A PROPOS DE L’ASPERGE

A PROPOS DE L’ASPERGE

« FINGER FOOD CHEZ LES VERDURIN »
Vertes de Lauris, violettes de Provence, roses du pays de Loire ou blanches d’Argenteuil, elles nous en font voir de toutes les couleurs ! Déjà connue des Egyptiens, très appréciée des Romains, les Grecs quant à eux l’avaient dédiée à la déesse de l’amour Aphrodite. En France c’est sous le règne de Louis xiv que sa culture s’intensifie, le roi Soleil en est si friand qu’il en fait cultiver à son jardinier La Quintinie sous abri et en serres chaude pour en déguster toute l’année.

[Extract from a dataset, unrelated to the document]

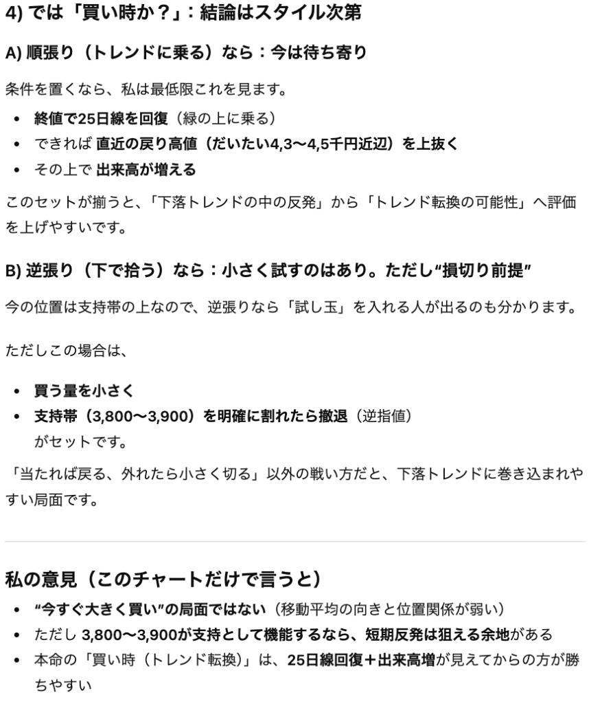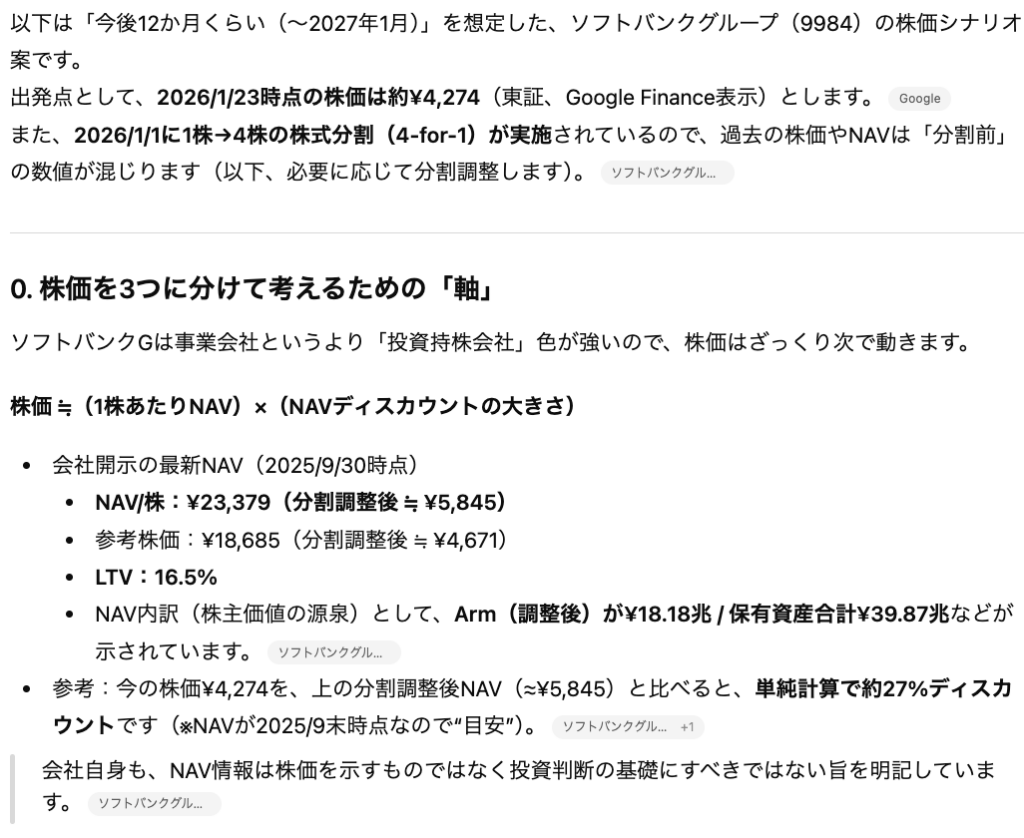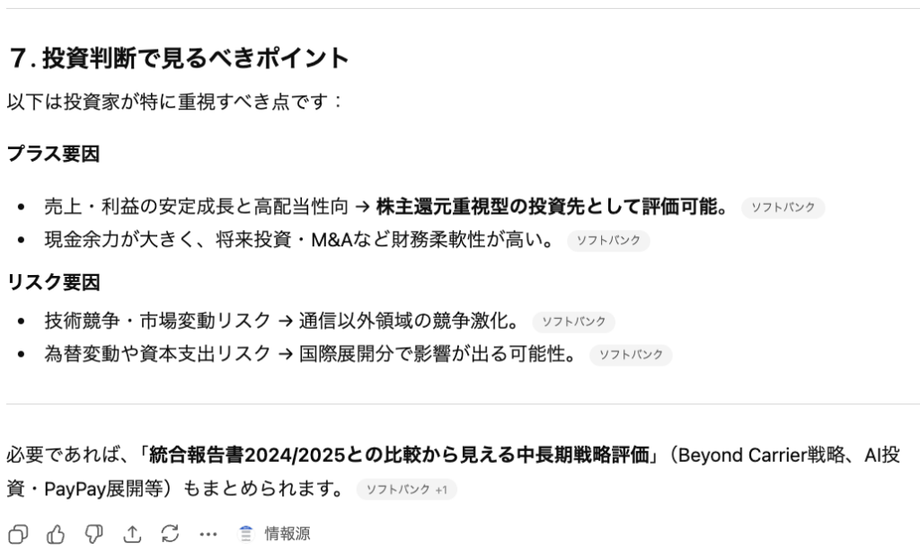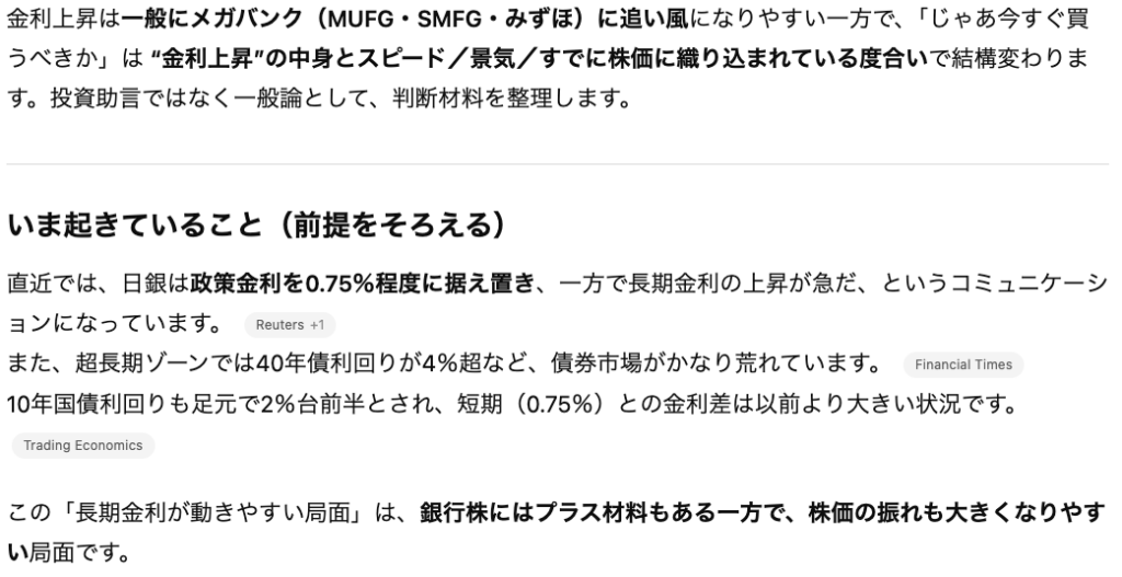 そのため、最終的に売買の意思決定をする際にはChatGPTが提示した論理の「前提」であるデータが正しいかを1次情報にも取って確認する必要があります。

Au 19 eme elle fait la réputation d’Argenteuil, lieu fréquenté par les artistes et les peintres dont Manet qui peindra une botte rendue célèbre par l’anecdote : le commanditaire lui ayant payé 200 frs de plus que le prix convenu Manet lui fera une autre toile, une seule asperge : « L’asperge pour le bon poids ! ». Si l’asperge inspire les artiste elle excite aussi la luxure à tel point qu’elle sera interdite dans les pensionnats de jeunes filles par crainte que l’heureuse morphologie de ce légume ne leur émoustille les sens. Pierre Louÿs dans son « Manuel de civilité pour les petites filles » recommande : « ne faites pas aller et venir une asperge dans votre bouche en regardant languissamment le jeune homme que vous voulez séduire ». En y pensant, il serait peut-être judicieux d’introduire l’asperge dans le régime alimentaire du Panda en captivité qui passe le temps à sucer des bambous dont il raffole mais qui sont sans effet sur sa sexualité qui, comme chacun sait, est quasi nulle !

Soyons sérieux et occupons nous de la préparation des asperges. Avant de les cuire il faut les plumer. Et oui ! L’asperge ne s’épluche pas elle se plume. La cuire ferme sous la dent, évitons ces asperges molles et effondrées. Ce n’est pas une mode actuelle puisqu’en 1651 l’ouvrage le Cuisinier français conseille de les déguster « le moins cuites que vous pourrez », de même LSR, dans L’Art de bien traiter en 1674 : « Souvenez-vous qu’il faut que l’asperge croque sous la dent ». Craquante, la pointe seule attendrie comme le conseille Courtine, elle peut se manger avec les doigts sans crainte qu’elle se plie quand on la porte à la bouche. Avec les doigts, comme chez les Verdurin de Proust, qui sans le savoir pratiquaient déjà la Finger-food ! Donc ce qui passe actuellement pour une attitude très « tendance » n’est, qu’en fait, la recherche d’un temps perdu ! Plus près de nous Joseph Delteil partage ce goût : « Mange avec les doigts, bois avec le nez. ». Pour peu que quelques illuminés snobinards lisent « La cuisine paléolithique » il va falloir leur donner des pailles pour sniffer le Pétrus !
Delteil les mangeait crues et je suis d’accord c’est fameux.